**EXERCISE INPUT:**
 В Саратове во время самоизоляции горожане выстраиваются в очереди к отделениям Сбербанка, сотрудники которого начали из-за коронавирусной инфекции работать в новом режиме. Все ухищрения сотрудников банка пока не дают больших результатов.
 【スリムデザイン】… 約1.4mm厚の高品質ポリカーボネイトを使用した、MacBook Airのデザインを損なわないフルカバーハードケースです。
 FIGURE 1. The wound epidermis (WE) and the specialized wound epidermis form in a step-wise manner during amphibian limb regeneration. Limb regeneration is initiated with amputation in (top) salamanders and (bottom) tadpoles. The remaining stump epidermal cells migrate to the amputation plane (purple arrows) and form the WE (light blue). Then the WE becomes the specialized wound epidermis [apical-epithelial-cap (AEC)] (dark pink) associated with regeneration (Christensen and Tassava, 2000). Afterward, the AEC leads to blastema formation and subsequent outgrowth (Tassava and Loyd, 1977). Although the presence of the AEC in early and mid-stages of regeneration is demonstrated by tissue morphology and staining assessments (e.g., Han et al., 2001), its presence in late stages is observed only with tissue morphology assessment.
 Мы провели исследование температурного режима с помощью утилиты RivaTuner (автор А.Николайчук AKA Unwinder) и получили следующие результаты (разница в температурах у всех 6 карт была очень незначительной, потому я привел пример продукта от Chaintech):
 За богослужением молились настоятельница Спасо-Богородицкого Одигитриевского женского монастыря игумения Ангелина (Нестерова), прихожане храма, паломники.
...
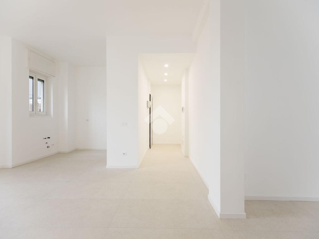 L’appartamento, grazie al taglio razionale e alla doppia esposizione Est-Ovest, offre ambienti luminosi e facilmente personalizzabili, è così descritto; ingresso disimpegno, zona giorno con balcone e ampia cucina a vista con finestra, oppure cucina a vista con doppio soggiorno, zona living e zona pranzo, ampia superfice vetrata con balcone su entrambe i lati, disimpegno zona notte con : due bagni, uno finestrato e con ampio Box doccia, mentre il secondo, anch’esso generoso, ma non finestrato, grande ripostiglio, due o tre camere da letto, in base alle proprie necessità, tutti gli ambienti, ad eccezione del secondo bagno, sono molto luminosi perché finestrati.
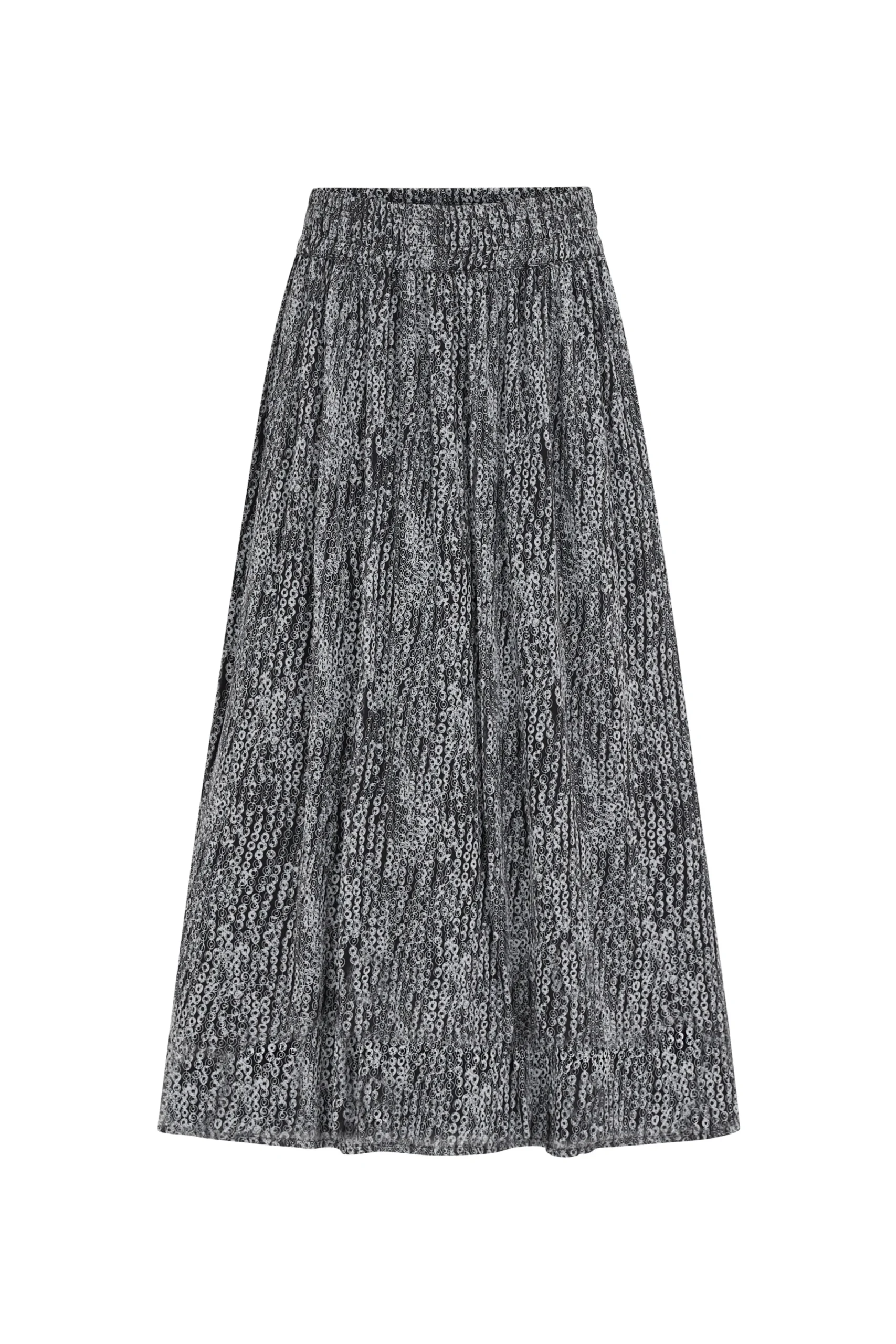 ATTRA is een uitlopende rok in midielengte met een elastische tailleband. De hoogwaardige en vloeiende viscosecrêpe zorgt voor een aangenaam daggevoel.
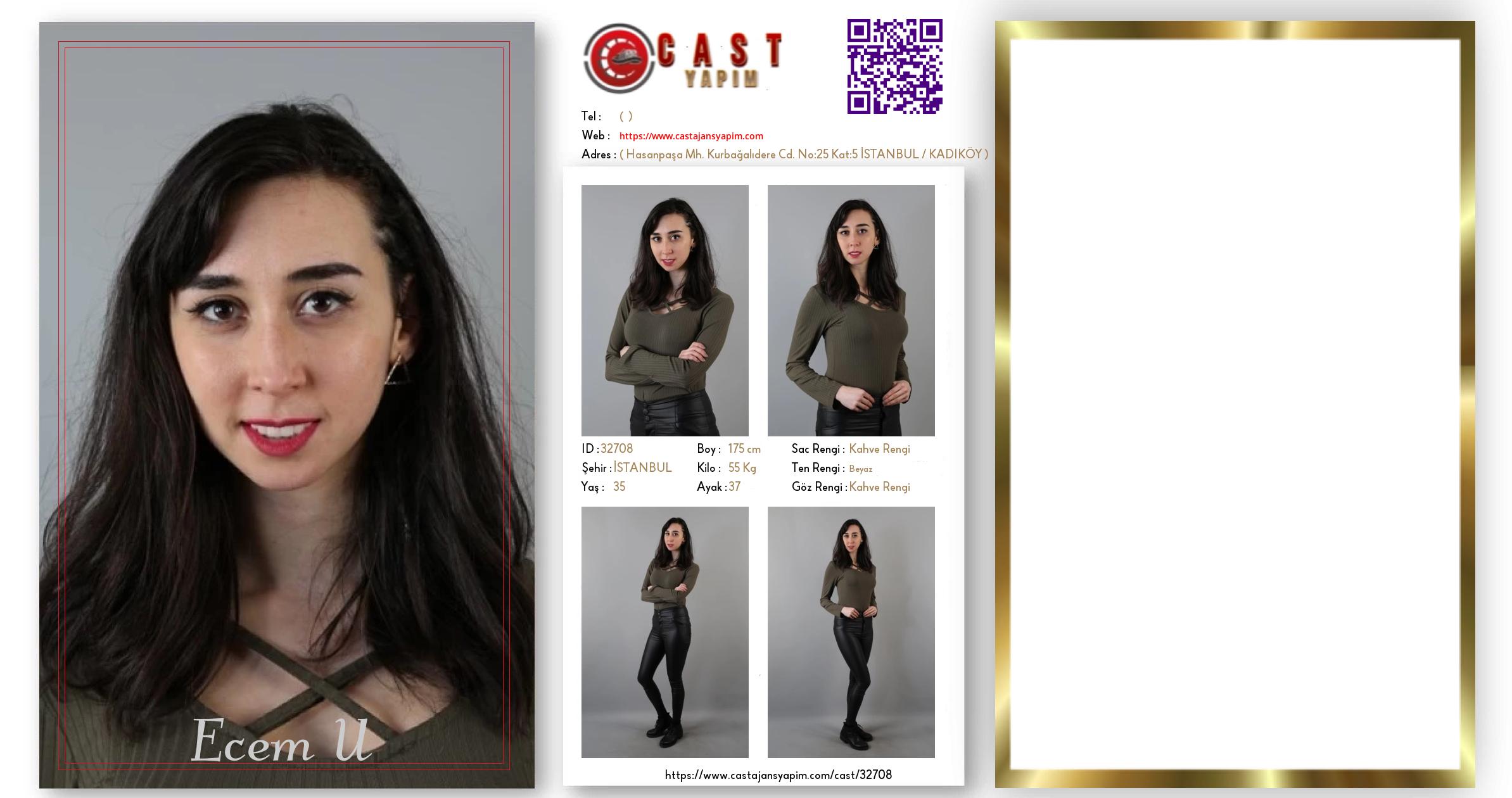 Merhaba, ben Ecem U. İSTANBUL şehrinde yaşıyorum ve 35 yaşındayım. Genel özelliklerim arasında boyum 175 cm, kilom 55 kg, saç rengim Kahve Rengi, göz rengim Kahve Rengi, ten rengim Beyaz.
---
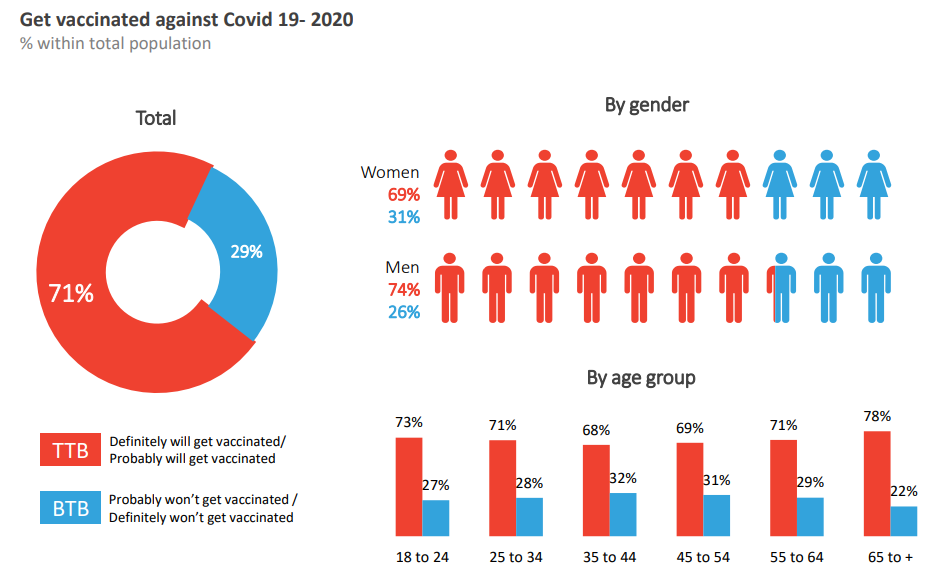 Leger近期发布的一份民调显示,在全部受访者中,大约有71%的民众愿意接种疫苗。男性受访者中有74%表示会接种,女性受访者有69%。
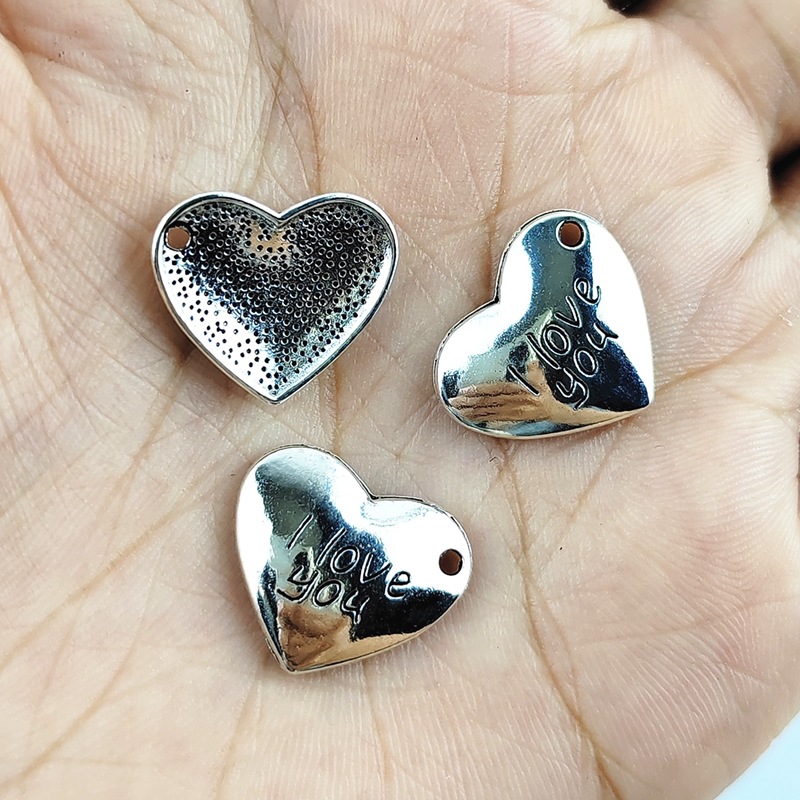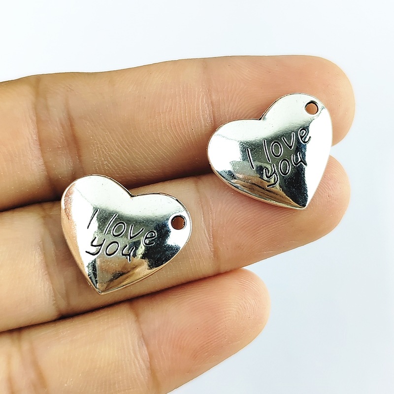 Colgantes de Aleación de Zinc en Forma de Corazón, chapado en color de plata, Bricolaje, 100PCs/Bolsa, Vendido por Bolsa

**ACTIVITY:** In the data above, the stretch from the line with "ATTRA is een" through the line with "Merhaba, ben Ecem" is to be returned exactly, minus any pictures.

**RESULT OF THIS TASK:**
 ATTRA is een uitlopende rok in midielengte met een elastische tailleband. De hoogwaardige en vloeiende viscosecrêpe zorgt voor een aangenaam daggevoel.
 Merhaba, ben Ecem U. İSTANBUL şehrinde yaşıyorum ve 35 yaşındayım. Genel özelliklerim arasında boyum 175 cm, kilom 55 kg, saç rengim Kahve Rengi, göz rengim Kahve Rengi, ten rengim Beyaz.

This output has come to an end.